The trend for inviting Catholic men in their fifties and sixties to redefine themselves as mental victims of childhood experience is even more pronounced in Ireland and America. In Ireland, the state has explicitly invited its citizens to reimagine themselves as the hapless, unwitting victims of warped Catholic authority. In 1999, the Dublin government unveiled the Commission to Inquire into Child Abuse, which invited Irish-born people around the world to report instances of abuse that they experienced in Catholic reform schools in Ireland between 1914 and 1989. The commission said that such abuse has a ‘debilitating’ impact on individuals, and it listed various adult problems that can be attributed to childhood sexual abuse: ‘poverty, social isolation, alcoholism, mental illness, aggressive behaviour, self-harm, alcohol and substance abuse, and eating disorders’.

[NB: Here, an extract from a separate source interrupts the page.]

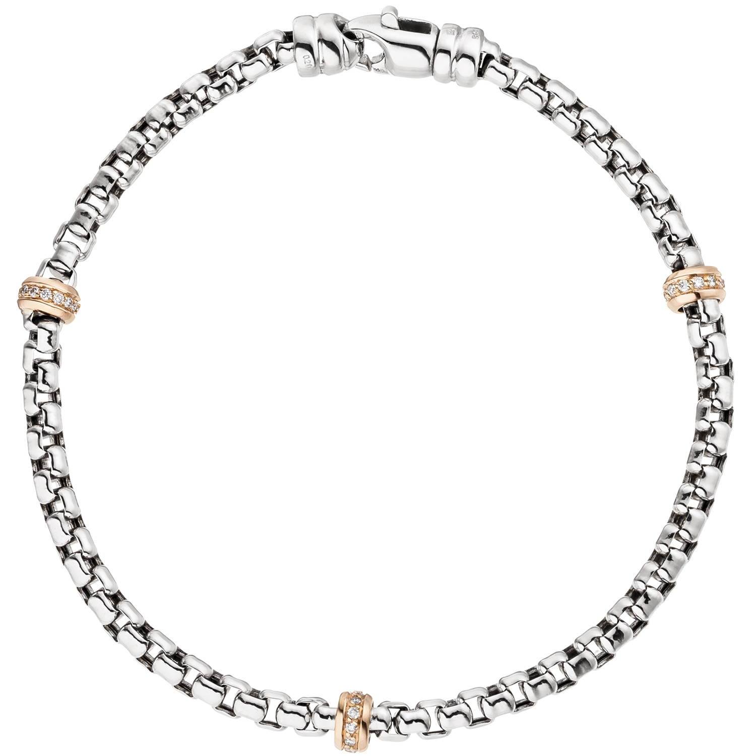 Armband 585 Gold Weißgold Rotgold bicolor 39 Diamanten Brillanten 19 cm

Thus, a whole host of social problems, which have myriad causes, are traced back to and blamed on some priests groping children in the 1950s or 1960s. Priestly perversion is held up as something that can warp not only human beings but society itself. It is not surprising that a majority of submissions to the Irish commission concerned the period 1960 to 1969; more than half of all the claims of sexual abuse against boys during the period of 1914 and 1989 were for that decade. That is not because priests suddenly became more abusive in the 1960s than they were in the 1940s and 1950s, but because the people who attended Catholic institutions in the 1960s were in many ways the main target of the commission. They would have been in their mid-forties to mid-fifties when the commission kicked off in 1999 and many of them would have suffered long-term unemployment, health problems and other disappointments. Reporting their misfortunes to the commission offered them the chance not only of getting financial compensation, but also of validating their difficult life experiences as a result of their having been abused.

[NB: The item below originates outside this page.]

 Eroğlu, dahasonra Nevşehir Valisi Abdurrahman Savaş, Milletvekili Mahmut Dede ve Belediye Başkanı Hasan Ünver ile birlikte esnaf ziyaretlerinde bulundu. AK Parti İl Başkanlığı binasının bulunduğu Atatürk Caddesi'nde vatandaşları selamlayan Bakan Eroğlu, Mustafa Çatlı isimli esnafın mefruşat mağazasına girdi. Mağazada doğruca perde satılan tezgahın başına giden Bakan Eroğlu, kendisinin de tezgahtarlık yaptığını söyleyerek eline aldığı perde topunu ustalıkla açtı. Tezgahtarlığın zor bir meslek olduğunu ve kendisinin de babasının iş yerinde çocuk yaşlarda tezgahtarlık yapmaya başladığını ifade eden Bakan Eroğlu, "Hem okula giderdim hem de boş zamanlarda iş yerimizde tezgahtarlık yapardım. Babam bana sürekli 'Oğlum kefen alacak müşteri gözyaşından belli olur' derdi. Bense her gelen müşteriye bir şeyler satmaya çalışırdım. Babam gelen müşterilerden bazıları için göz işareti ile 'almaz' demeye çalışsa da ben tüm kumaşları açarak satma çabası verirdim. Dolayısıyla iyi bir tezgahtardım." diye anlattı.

In such a climate, is it not inevitable that some people will make these revelations, not for the sake of transparency or establishing an on-the-record account of what was done in certain Catholic institutions, but as a way of absolving themselves? The cult of revelation presents itself as being in the interests of the victim, but in fact it can have a pernicious impact on their lives. It encourages them to relinquish responsibility for their adult experiences and urges them to embrace the worst kind of fatalism.

This is a dangerous and destructive dynamic. It benefits no one, except perhaps the therapeutic and publishing industries, which make money from terrible deeds and pornographic, tell-all memoirs. It is time, surely, to make a distinction between transparency and titillation, between the perfectly acceptable demand that the Church account for its past actions and the transformation of those past actions into entertainment for the public. Of course anyone who was abused by a priest who is still alive and active should feel free to complain or press charges as they see fit, and the Church should cease its habit of shifting guilty priests from one parish or school to another. But for those adults who were abused decades ago by now frail or deceased priests, I believe that they would be better off keeping it private, rather than letting it all hang out on BBC TV.